2 December 2015
There are some patients which will always stick with you, some for good reasons, others for less pleasant ones. This week I had a patient who fitted the first of these descriptions; I won’t be forgetting him in a hurry!
Towards the end of our shift we were sent to a GP urgent call (a low priority call where a GP has visited and deemed that the patient needs to be admitted to hospital, but does not need a blue light response). The call stated that the ambulance had been requested for an 82 year old male with “increasing confusion” and that the hospital had been informed that he would be arriving by ambulance. As you will soon see, we on the ambulance very rarely know all the details of what’s going on by the time we arrive on scene. It’s down to us to work out exactly what is going on and what the ideal treatment path for the patient is once we have made contact with the patient and the family in person.
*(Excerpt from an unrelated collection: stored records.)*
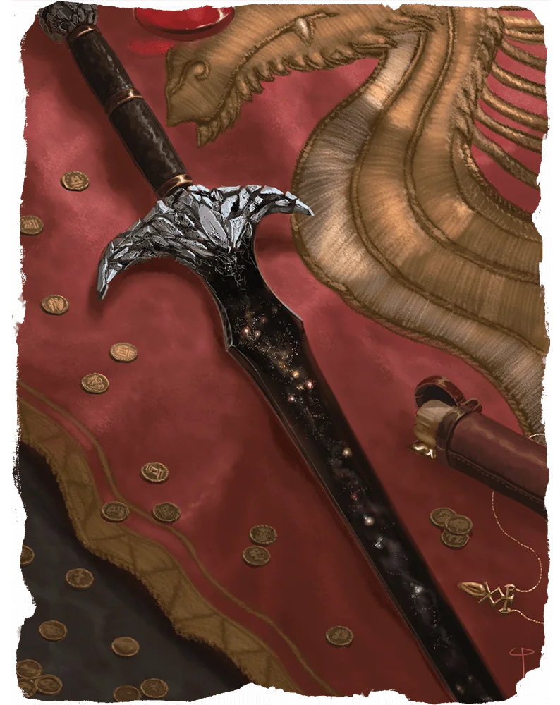 Hidden in the dungeon of White Plume Mountain, Blackrazor shines like a piece of night sky filled with stars. Its black scabbard is decorated with pieces of cut obsidian.
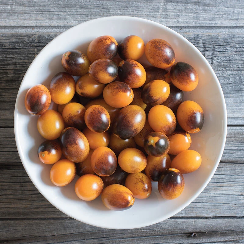 High-yielding plants produce 15–20 gm. orange fruits with dark indigo-colored shoulders. Very sweet flavor with a surprising, tart kick of acidity. Compact indeterminate plant requires minimal pruning and yields well, even in unfavorable conditions. Stunning combined in mixed quarts with Indigo Cherry Drops or with other grape or cherry varieties, but unique enough to offer alone and brand by name. Harvest when background color fills in uniformly orange and fruits begin to soften. Indigo color is derived from anthocyanin, a known antioxidant.
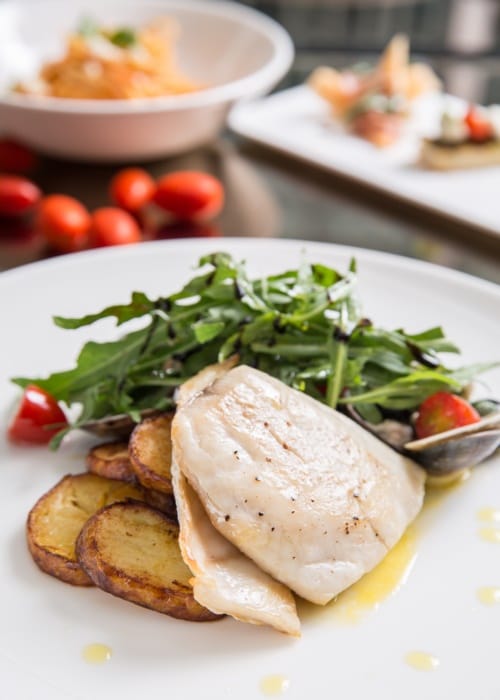 《米蘭紅花燉飯佐燉牛膝》為COVA的經典料理,午間與晚間套餐裡都看到它,以牛高湯熬煮小炒的番紅花燉飯,如向日葵般的黃色米飯與濃厚的帕瑪森起士完全緊密入味,保有米心刻意不煮透的義大利燉飯口感,一旁的牛膝則為主角,番茄與些許酒香的調和,牛膝燴煮不至太軟爛,和番紅花燉飯一起入口,義大利人所稱之的美味,盡在不言中。
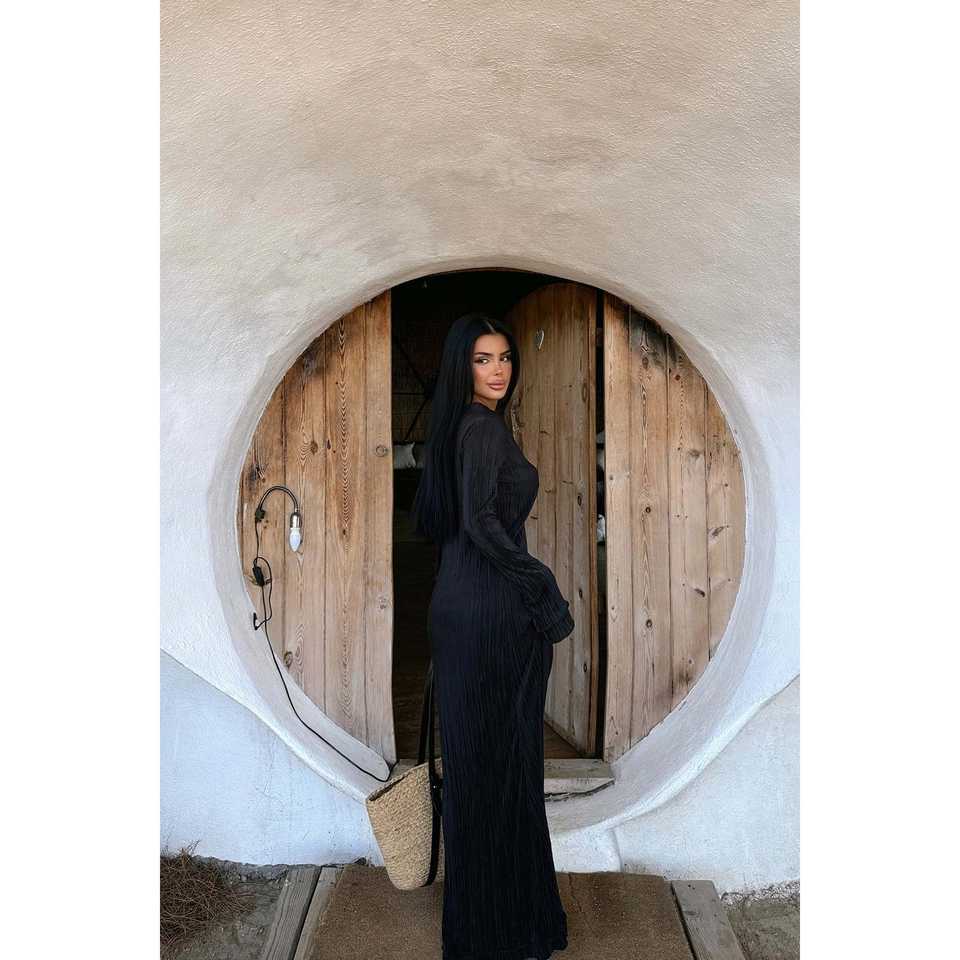 ชุดราตรีหรูหราสีดำ แบรนด์ Mirela ปักลายดอกไม้ แต่งระบาย ทรงเอ็มไพร์ ทรงตรง ไซส์ XL 4XL สำหรับงานปาร์ตี้ฤดูหนาว
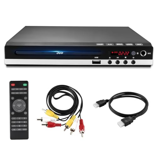DVD Player for tv with HDMI, All Region DVD Player, Easy-to-Use Player for Elderly, CD Player for Home Stereo System, Includes HDMI and RCA Cables - Perfect for Home Entertainment
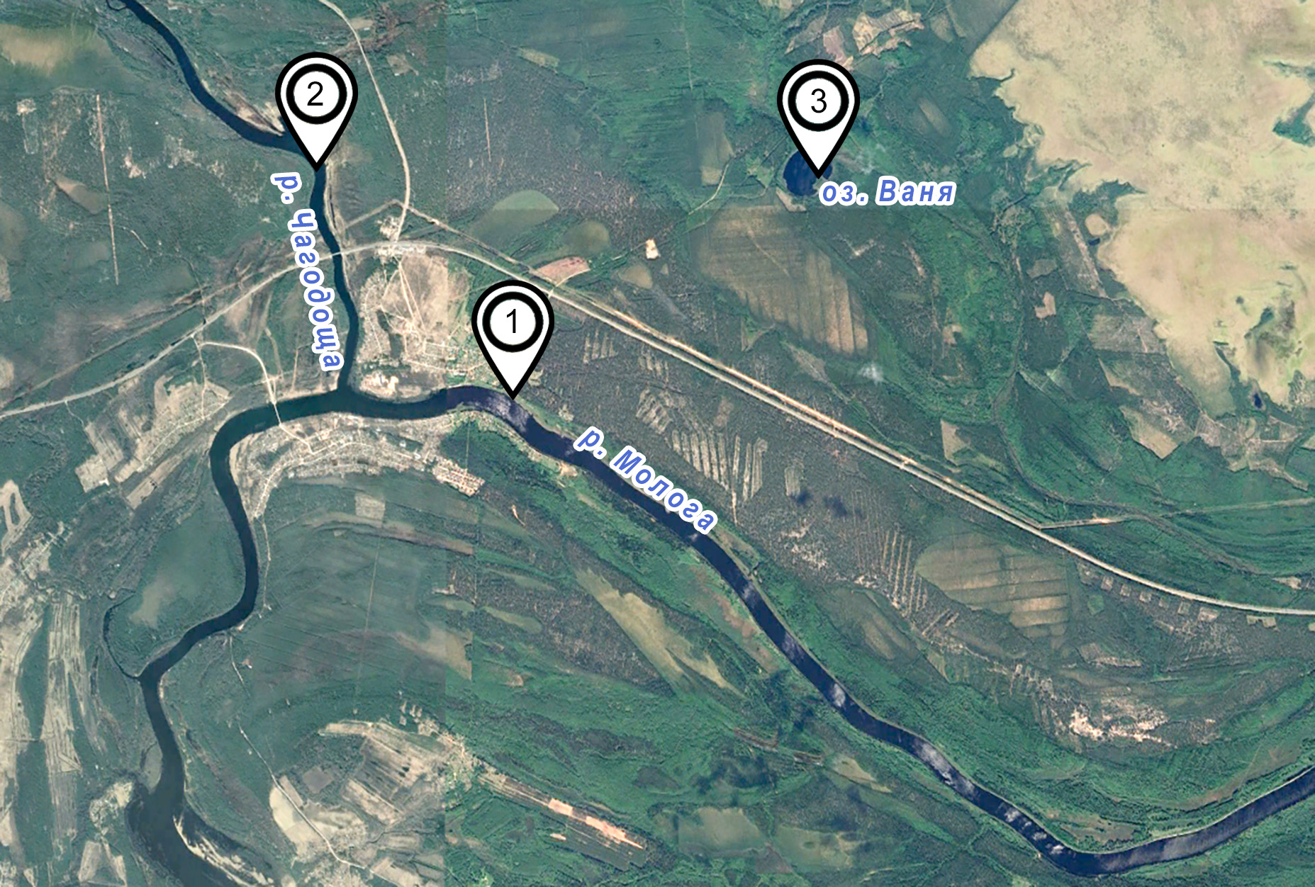 2. Figure 1 – Map-scheme of the study area indicating the location of fishing spots (highlighted with numbers) where fish were caught: 1 – Mologa River; 2 – Chagodoshcha River; 3 – Lake Vanya

When we arrived we were told by the family the one key piece of information that our control team had not been told on the phone. The patient was under section under the mental health act due to his dementia reaching a stage where he was a risk to his own safety. He had walked out of hospital in the morning, got on a bus, and went back home to his family because he wanted to make sure his wife was being looked after by his family. The patients GP had liaised with the ward, the patient had gone AWOL from and both were in agreement that, given the patients age and his reason for leaving the hospital, an ambulance would be more appropriate for returning to hospital, as opposed to the other option- the police.
Once the patient was on the back of the ambulance I asked him if he understood what was going on and why we had been called. The patient stated that we were “taking [him] back to hospital because everyone [thought he] was mad”; he said this with a smile on his face. I asked him if he agreed with those that said that and his response will stick with me for a long time “I know I’m mad, it’s great fun!” On the way to hospital the patient told me about how he’d travelled the world, and about the fun he’d had escaping from hospital! Once we got to the hospital, we went back to the ward the patient had been on and handed him back to the ward staff, but not before some words were had with him about staying put this time and not trying to run away again- he seemed to agree with me.
As I’ve said before, it’s not always the ‘big jobs’ that stick with you, sometimes it’s the small and relatively simple ones that may stay in your mind for the longest!